Saturday, March 28, 2009

Mountain-Top Removal Mining In The Spotlight

The following article brings many subjects light. These include mining, coal, energy, jobs, the economy, the environment, and politics. These are complex, and for many, passionate issues. If Americans want to maintain their standard of living, and recover from this current economic "recession", there are hard choices to be made.
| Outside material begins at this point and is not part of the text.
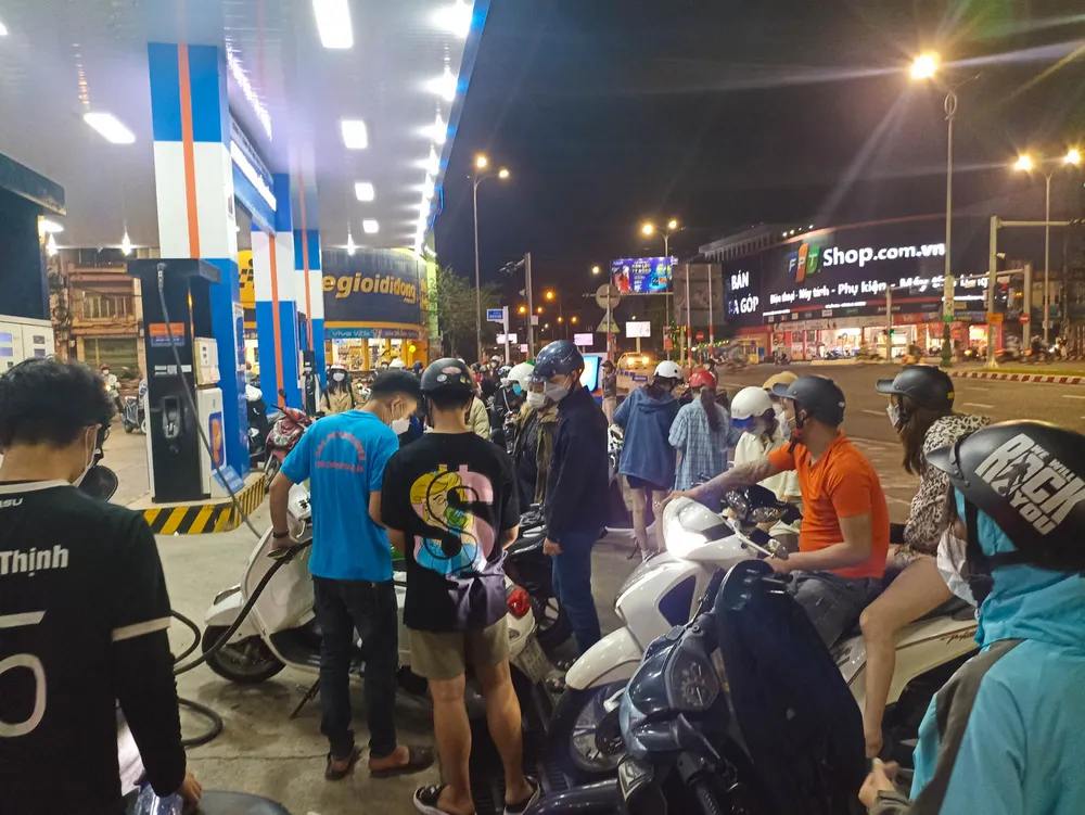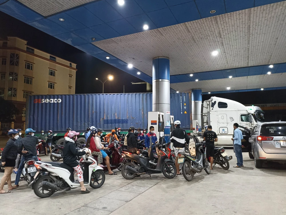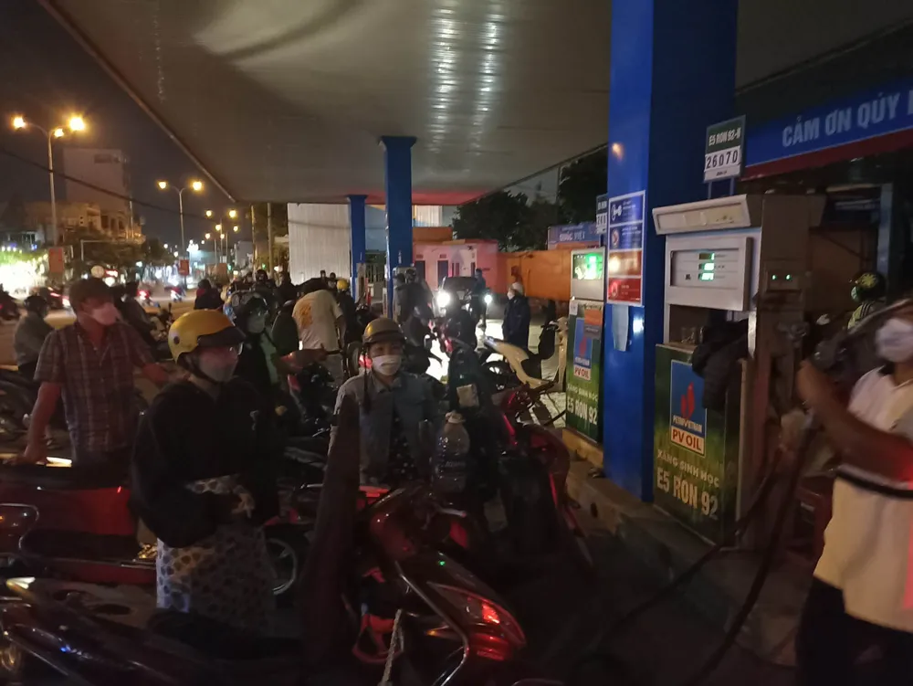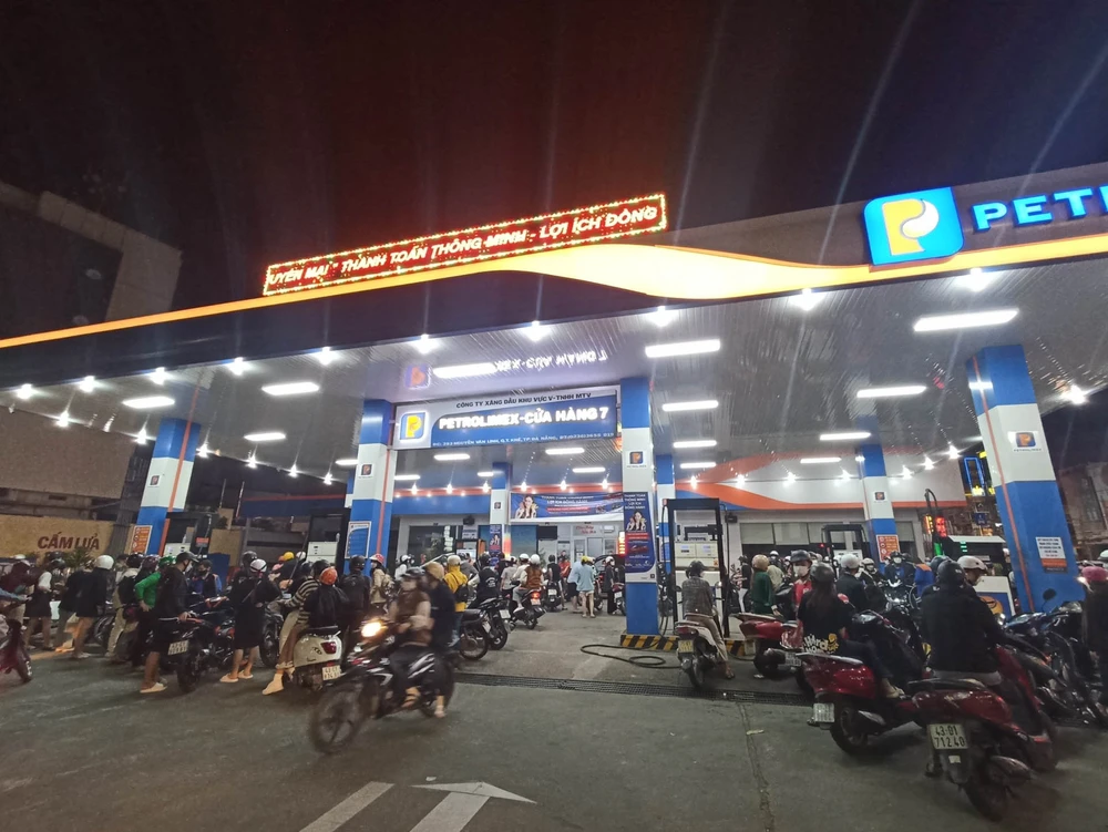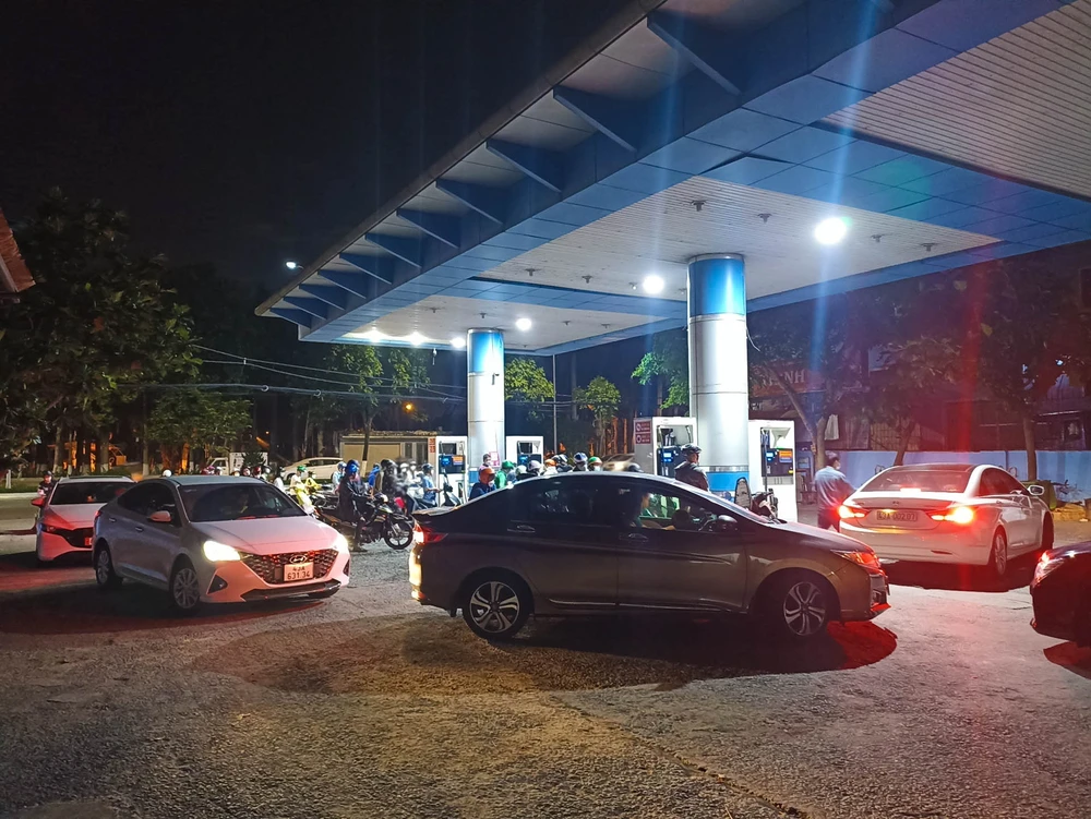 Khoảng 21 giờ ngày 10-3, tại các cây xăng tại quận Liên Chiểu, quận Thanh Khê, quận Hải Châu,... (TP Đà Nẵng) đều đông nghịt khách đến đổ xăng. Một số cây xăng, người dân phải xếp hàng gần nửa tiếng mới đến lượt đổ.

Al Gore and James Hansen, the leading global warming alarmists, want to ban all coal mining and the use of coal to generate electricity. The big question is, how are we going to generate all the electricity we depend on? There is talk of plug-in electric cars, where is that additional electricity going to come from? Solar and wind power can not begin to fill the need. It takes ten years to build a nuclear power plant. What are the answers? Our government can not keep printing money forever. At some point people need to begin producing things (again).
Peter

EPA Puts Mountaintop Mining Projects On Hold
by The Associated Press (source)

“It just absolutely puzzles me as to why the same federal government that's trying to straighten the economy out wants to dismantle the economy of another state, particularly as it relates to the workers at these sites.” West Virginia Coal Association President Bill Raney



“If the EPA didn't step in and do something now, all those permits would go forward. There are permits that will bury 200 miles of streams pending before the [Army] Corps [of Engineers].”Joe Lovett, executive director for the Appalachian Center for the Economy and the Environment


NPR.org, March 24, 2009 · In a move that took the coal industry by surprise, the Environmental Protection Agency put hundreds of mountaintop coal-mining permits on hold Tuesday to evaluate the projects' impact on streams and wetlands.

The decision by EPA administrator Lisa Jackson targets a controversial practice that allows coal mining companies to dump waste from mountaintop mining into streams and wetlands.
Between 150 and 200 applications for new or expanded surface coal mines, many mountaintop removal operations, are pending before the federal government. EPA spokeswoman Adora Andy said the agency does not expect problems with the overwhelming majority of permits.
The permits are issued by the Army Corps of Engineers, an agency that has been criticized by environmental groups and has been sued for failing to thoroughly evaluate the environmental impact of mountaintop removal.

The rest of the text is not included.